The other mutations are fairly equally distributed over the other CDRs and do not cluster spatially. Interestingly, many of these specificity-modifying CDR mutations are not in direct contact with Ang2 (Table 2), and thus very likely also not in contact with Ang1, hence affecting the binding specificity allosterically. A striking example is LC-S56Q, which greatly reduces Ang1 binding while being more than 15 Å away from Ang2 or Ang1 (based on the model). Another example is a structurally buried position at the stem of CDR-L3, LC-H89M, which also reduces Ang1 binding of 5A12.1. While the importance of antigen-distal residues in affinity and specificity engineering has been noted in previous reports,11,13,26 it is difficult to predict this kind of mutations based on structural information. Identification of these remote mutations is an advantage of our full-mapping approach.

Discussion

Previous applications of deep scanning mutations (for affinity engineering) mainly focused on finding strongly enriched mutations to improve the affinity of a given binder.24-26 However, the identification of strongly enriched mutations do not necessarily require deep sequencing, as in many cases limited sequencing by Sanger method can identify strongly enriched mutation.36-38 The advantage of deep mutational scanning for protein engineering is realized in applications that require a large data set to accurately determine the depletion of a mutation. For example, tracking the change from 1 in 100 to 1 in over 300 in occurrences for identifying the mutations that have negative effects on the selected binding function can only be accomplished with thousands of sequences.28 Here, we demonstrate the use of depletion data for specificity engineering, which allowed us to greatly reduce the binding of a DAF against Ang1 while maintaining high affinity binding against Ang2 and VEGF.

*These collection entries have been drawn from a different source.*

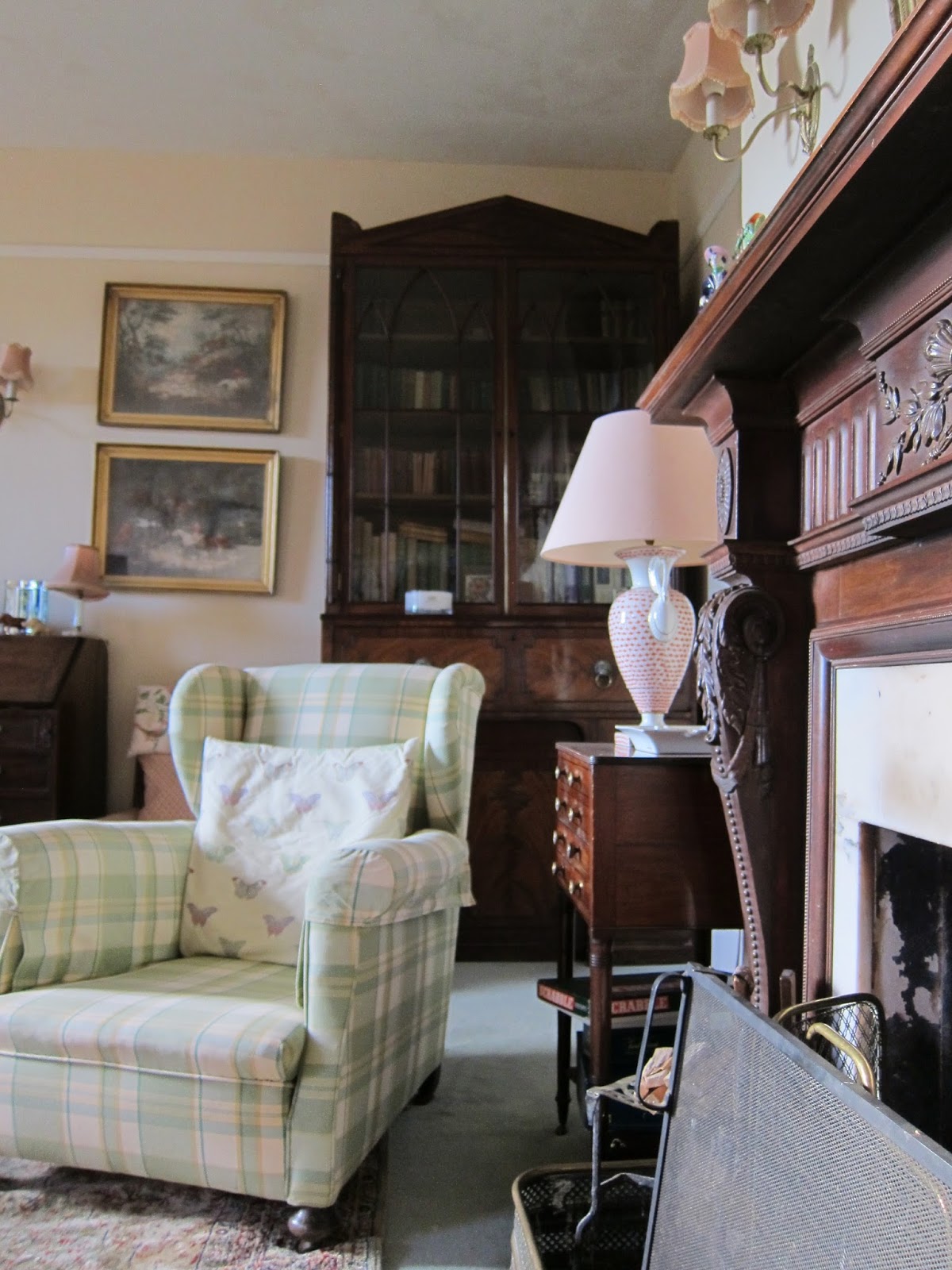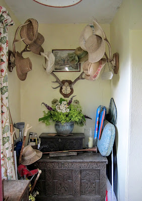 I loved the collection of hats and antler hat racks and the collection of walking sticks she kept in the entry--so very charming and British. I want to start a walking stick collection for my front entry.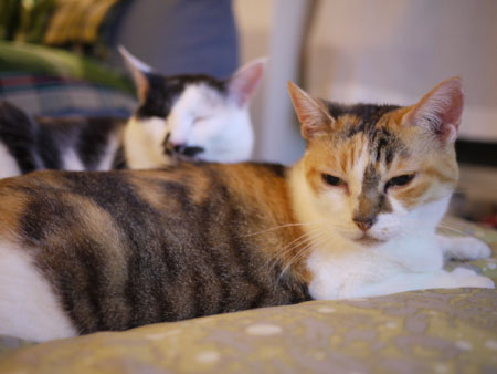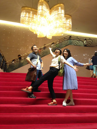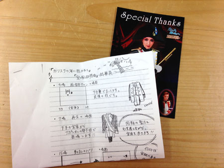 <初・宝塚観劇。> パンパカパ〜ン、ほぼ日17周年おめでとう! 「ゆーないとさん」としての人生も、 いつまにか折り返し、 「ゆーないと」の方が長くなってきちゃいましたもんね。 どっっひゃー。 まさか、こんなふうに長く続くとは、 何も思っていなかった、16歳の俺も、みんなも・・・! お付き合いいただいているみにゃさま、 ありがとう、ありがとう!ありがとうございます。 これからも、よろしくお願いしニャす! さてさて17周年だからと言って、 ここに何か特別なことは起こりません。 いつもと同じように、過ぎてまいります。 女子校育ちがゆえ、共学の子よりも、 きっと多い人がハマっていた宝塚歌劇団。 「◯◯さん、カッコイイ!」 と言いながら、みんなでお泊りして、 宝塚ビデオを観る会をやったりしていた人も多かった。 ミュージカル部の発表では、宝塚で使われる歌を使ったり、 その歌を替え歌して使ってたりするから、 関係ないわたしも、歌は覚えちゃう。 だけれどだけど、本物の宝塚は観たことがない! いつか観ると思ってたんだけど、どういうわけだか 観ないでここまで生きてこれてしまった。 でも、気になる。 宝塚と言えば、「ベルサイユのバラ」的な ゴージャスな髪型とか衣装を想像しちゃうんだけど、 「ルパン3世」のポスターを初めて見たときの衝撃! 「なんかふつう!」 そういうことも、あるんだね。知らなかった〜。 あと、「オーシャンズ11」のポスターを見たときの衝撃! 「現代すぎる!」 やっぱり色々気になる・・・。 いつか、いつか、行かねばならぬと思いながら、 生きてきた、ここ数年。 そこにある日、びっくりニュースが飛び込んできた。 「ぼくの姪っ子が、100期生で宝塚に入ったんだ」 という人物、現る!それは・・・ほぼ日・べっかむ3。 あの、ほがらかなべっかむ3と、宝塚。 どう、ひいき目に見ても、直線ではつながらない・・・! けど、それはすごい! これはもしかして、ついにわたしが観に行く チャンスじゃない??やったー! 「今度、姪っ子さんが出るときには、 ぜひ誘ってください!」 とお願いをしていた。 そして、ついにその日がやって来た〜。 観に行った演目は、花組公演 「カリスタの海に抱かれて」。 入り口には、赤いじゅうたんの、階段。 ぽいーーーぽいぽい、宝塚っぽい! せっかくなので、3人で記念写真。 ▲ぽくない。 伯父さんが、会社の人たちと行く。ということは 本人(一之瀬航季さん)に伝わっていたようで、 こんなものが用意されていた! サイン付ブロマイド! と、シーンごとの自分の位置を書いた出番表。 しかも、手描き!のコピー。 そこですっかり、親心みたいな気持ちになっちゃった。 オペラグラスを借りてくれた、べっかむ3伯父さん。 まだ組に入ったばっかりだから、 わりと大人数が出てくるシーンになると、出てくる。 そういうシーンになったら、もらった出番表を確認して、 オペラグラスで探す。 端から端まで、全員の顔を観る。 オペラグラスで探してる時間は、手が揺れると酔うから、 揺れないように、慎重に探さないといけないので、 けっこう真剣。 「お、いたいた!いいねいいね」 なんて思いながら、オペラグラスから目を離したときには ストーリーがわからくなっていることも、しばしば。 それでも、生の宝塚を味わえているし、 遠くない人が、いま目の前の舞台に立っているんだから、 良しとしちゃうよ。 いつもそうなのかな、前半はミュージカル劇があって、 後半はさっき劇をやっていたのに、また歌いながら、踊る! わたし的にはこの後半が、感心しちゃった〜。 後半の方がボリュームもあったような? とにかくMCタイムはないから、 曲と曲の間は、ほぼゼロで、ひっきりなしに歌う、踊る。 歌は、ふつうの人たちでも耳にしたことがあるような、 ポップスソングを替え歌にして歌ったりとかしてて、 初めての人でも、楽しめちゃう感じ! あと、例のあれですよ。羽根の後光みたいなやつ? あれが、思ってたよりもボリューミーで、 すずしい顔してるけど、ぜったいに重い! あれを背負って踊るとか、ありえないわよ! あと、あの例の階段ね、あれをさ、 足元を見ないで降りたり、脚をあげたり、 踊ったりするなんて、ありえないわよ! 蒲田行進曲みたいになっちゃったら、どうするの!? ハッキリとした上下関係、実力の世界、 刺激的だった〜。あぁ、すごかった! また、別の組も観に行ってみようかしらん。 あなたたち、何組? ▲ねむいところ、おじゃまします。 牛柄組と。 三毛柄組です。 「わたしたち、 組のトップスターになれるように、がんばります!」 って、ぜったい言ってないお2匹さんなのでした。 じゃ、今週もヨ〜ロレリッヒ〜〜〜!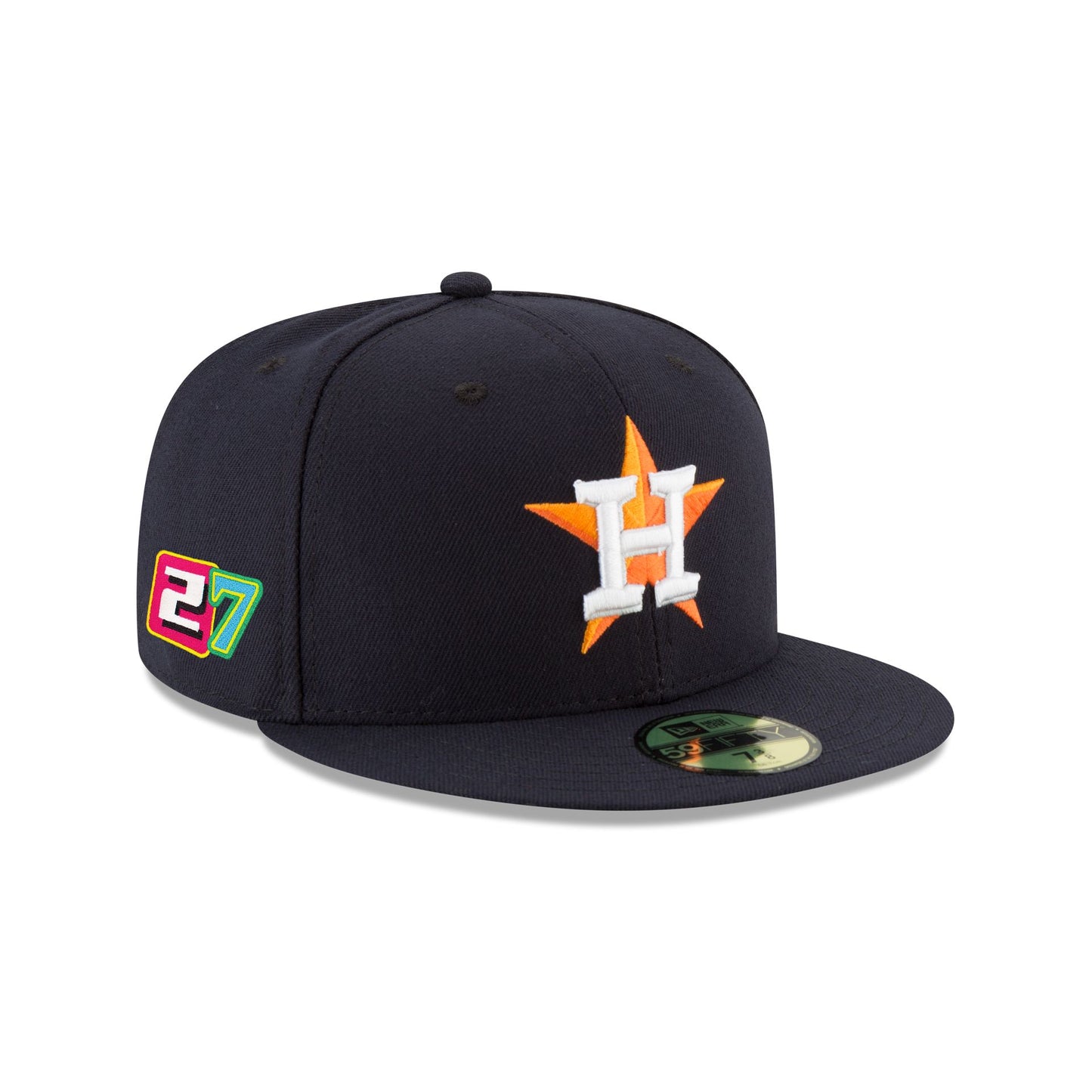 The Houston Astros Players' Weekend Sidepatch Altuve 59FIFTY Fitted Cap features an embroidered Astros logo at the front panels with the Players' number at the right-wear side. Additional details include an MLB Batterman logo at the rear and a black undervisor.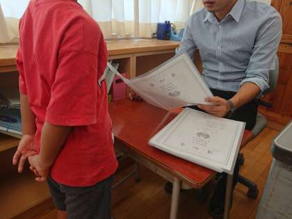 なんと、受け取った通知表は置いたまま、どの子もお絵描きや折り紙に夢中でした。さすが1年生です。
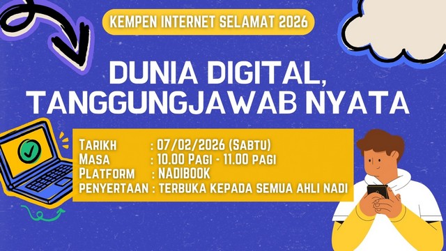 7 Februari 2026 | Aktiviti TerkiniPada 7 Februari 2026, satu webinar bertajuk “Kempen Internet Selamat: Dunia Digital Tanggungjawab Nyata” telah diadakan dari pukul 10.00 pagi hingga 11.00 pagi. Program ini bertujuan meningkatkan kesedaran masyarakat tentang tanggungjawab dalam penggunaan dunia digital secara selamat dan beretika.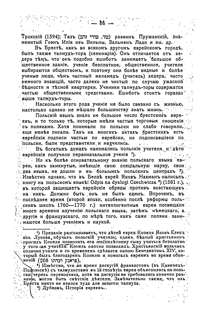 (2) It is known that during the discussions Franco (in Kamenetz-Podolsk) with Talmudic in the 18th century, Jews were explained in Polish, through an interpreter, although discus not required, of course, the rabbis could be secular figures. It is also remarkable that from Brest nobody was there to protect the Talmud.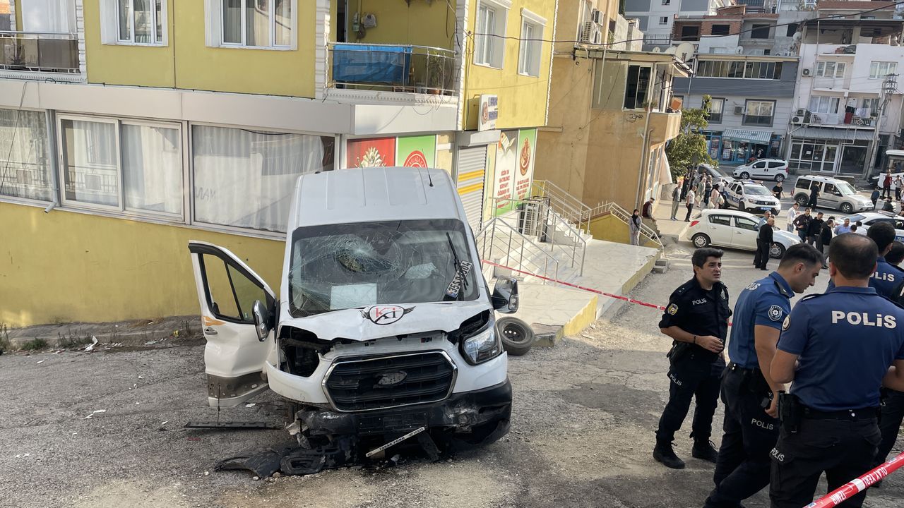 Alınan bilgiye göre, A.K. idaresindeki 35 S 01504 plakalı servis minibüsü, Çamkule Mahallesi'nde bir kargo firmasının işçilerini aldıktan sonra yokuş aşağı ilerlerken freni boşaldı.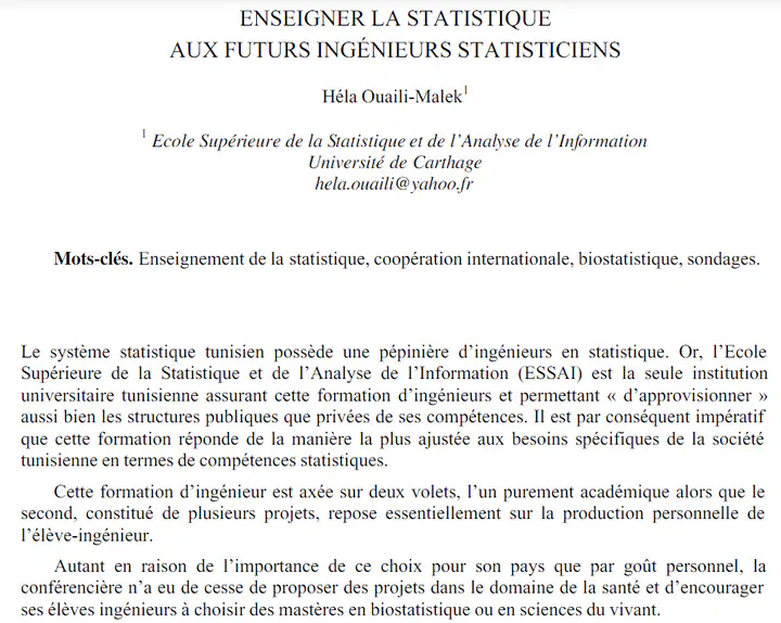 Le système statistique tunisien possède une pépinière d’ingénieurs en statistique. Or, l’EcoleSupérieure de la Statistique et de l’Analyse de l’Information (ESSAI) est la seule institution universitaire tunisienne assurant cette formation d’ingénieurs et permettant « d’approvisionner » aussi bien les structures publiques que privées de ses compétences. Il est par conséquent impératifque cette formation réponde de la manière la plus ajustée aux besoins spécifiques de la société tunisienne en termes de compétences statistiques.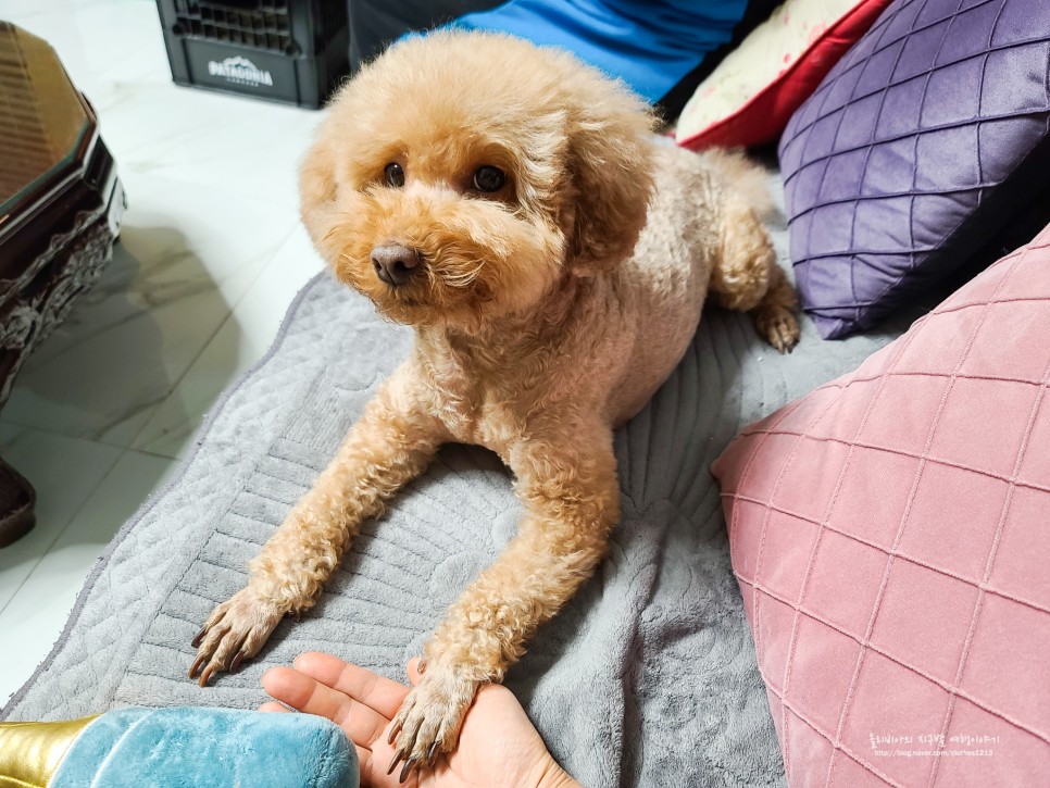 그리고 이때 중요한 것은 이렇게 식사 알레르기를 치료하기로 마음먹는 순간부터 치료기간에는 사료와 물 이외에 아무것도 주지 말아야 한다는 것입니다. 간식은 물론 영양제나 심상충제 등 절대로 먹이지 말라고 했습니다. 근데 간식을 너무 좋아하는 강아지들에게 이건 정말 어려운 일 같아요. (웃음)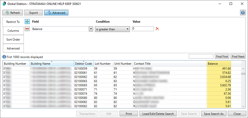 - By default, the fields Reference Name, Given Names and Surname will be applied along with Unit Number and Lot Number. The Global Debtors will include the field Current Building.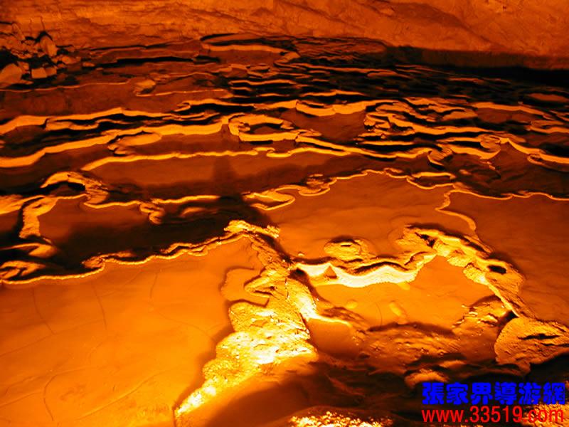 (龍宮)龍宮是黃龍洞十三個大廳中最大的一個,也是景色最美的景點之一,底面積15000平方米,平均高40米,兩千余根石筍拔地而起,千姿百態(tài),異彩紛呈,或如飛禽走獸,或如宮廷珍藏,有的像巍巍雪松,有的像火箭升空。龍宮后園有金銀兩座花池,清水常溢,花簇盛開。宮頂鐘乳柳垂簾掛,四周壁畫栩栩如生。溶解著各色各樣的礦物質(zhì)的水,從巖層中滲透出來,滴落下來。礦物質(zhì)在洞頂凝固結(jié)晶成倒懸鐘乳石,從鐘乳石滴落的水又把礦物質(zhì)澆疊、堆壘在洞底,而長成節(jié)節(jié)向上的石筍。大家看看這龍宮的造型,領略這磅礴的氣勢。洞內(nèi)最大石筍,高12米、直徑10米的漢白玉天然石椅“龍王寶座”居高臨下,眾多石柱石筍似人似物,維妙維肖,圍著寶座朝拜山呼,幾十座珊瑚亭亭玉立,儼然一支龐大的“宮廷樂隊”。湖南著名教授羊春秋先生作《寄生草》詞對此進行描繪:“百態(tài)千姿模樣,三宮六院門巷。龍王開宴設瓊漿,猴王偷果鬧天堂,君王納寵擁羅帳。搬演了人間爭攘,匯集了天下奇觀。”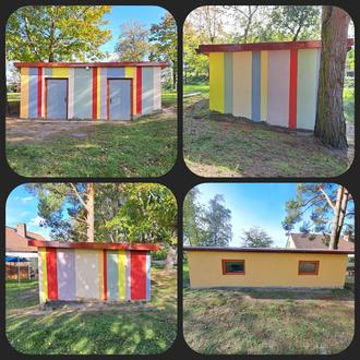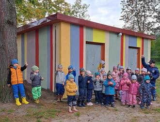 Als nach dem Wochenende unsere Kitakinder am 14.10.24 auf dem Spielplatz kamen, staunten sie nicht schlecht. Da hatte sich ja einiges verändert: Der Spielzeugschuppen leuchtete in bunten Farben, aber auch das Eingangstor und das Insektenhotel strahlten in neuen Glanz. Waren da vielleicht Heinzelmännchen am Werk gewesen?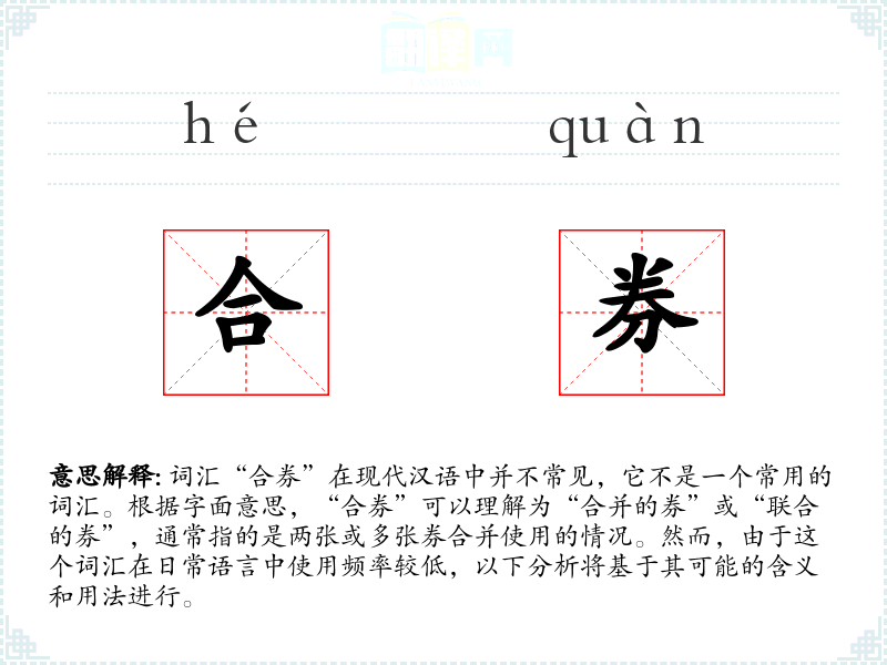 词汇“合券”在现代汉语中并不常见,它不是一个常用的词汇。根据字面意思,“合券”可以理解为“合并的券”或“联合的券”,通常指的是两张或多张券合并使用的情况。然而,由于这个词汇在日常语言中使用频率较低,以下分析将基于其可能的含义和用法进行。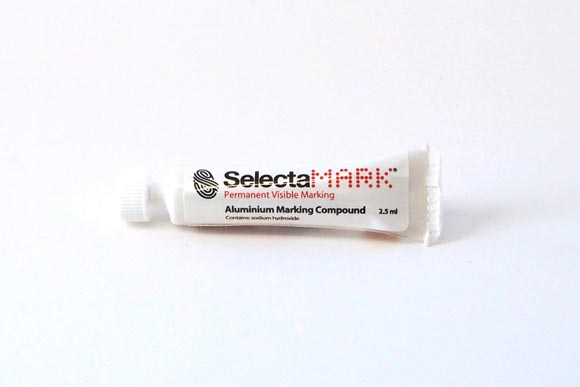 Tubes of aluminium marking compound are designed to permanently etch aluminium surfaces and items.
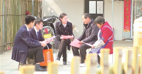图2为泗阳农商银行客户经理走村串户,向广大种养殖户普及金融知识。

Although the method introduced here represents an extreme case of Two-in-One DAF engineering for binding three distinct antigens, it is applicable not only to DAFs, but also generally to fine-tune the affinity and specificity of any antibody or protein binder. When we re-analyzed our data focusing only on Ang2 and Ang1 binding with a very strict filter (ER for Ang1 < -2 and ER for Ang2 > 1), we identified seven more mutations that can selectively bias Ang2 over Ang1 binding (data not shown). This observation suggests that the engineering of the specificity of Ang2 over Ang1 without considering VEGF binding can be achieved very easily using deep mutational scanning. Thus, the approach demonstrated here is a robust and efficient way to map specificity-determining positions in antibody-antigen and protein-protein interactions.

Material and methods

Antigens

Phage ELISA, phage panning and subsequent Biacore was performed using the receptor binding domain (RBD) of human Ang2 with a C-terminal His-tag (hAng2his), human Fc c-terminally fused to RBD of human Ang1 protein (Fc.hAng1) and human VEGF 8–109 (hVEGF109).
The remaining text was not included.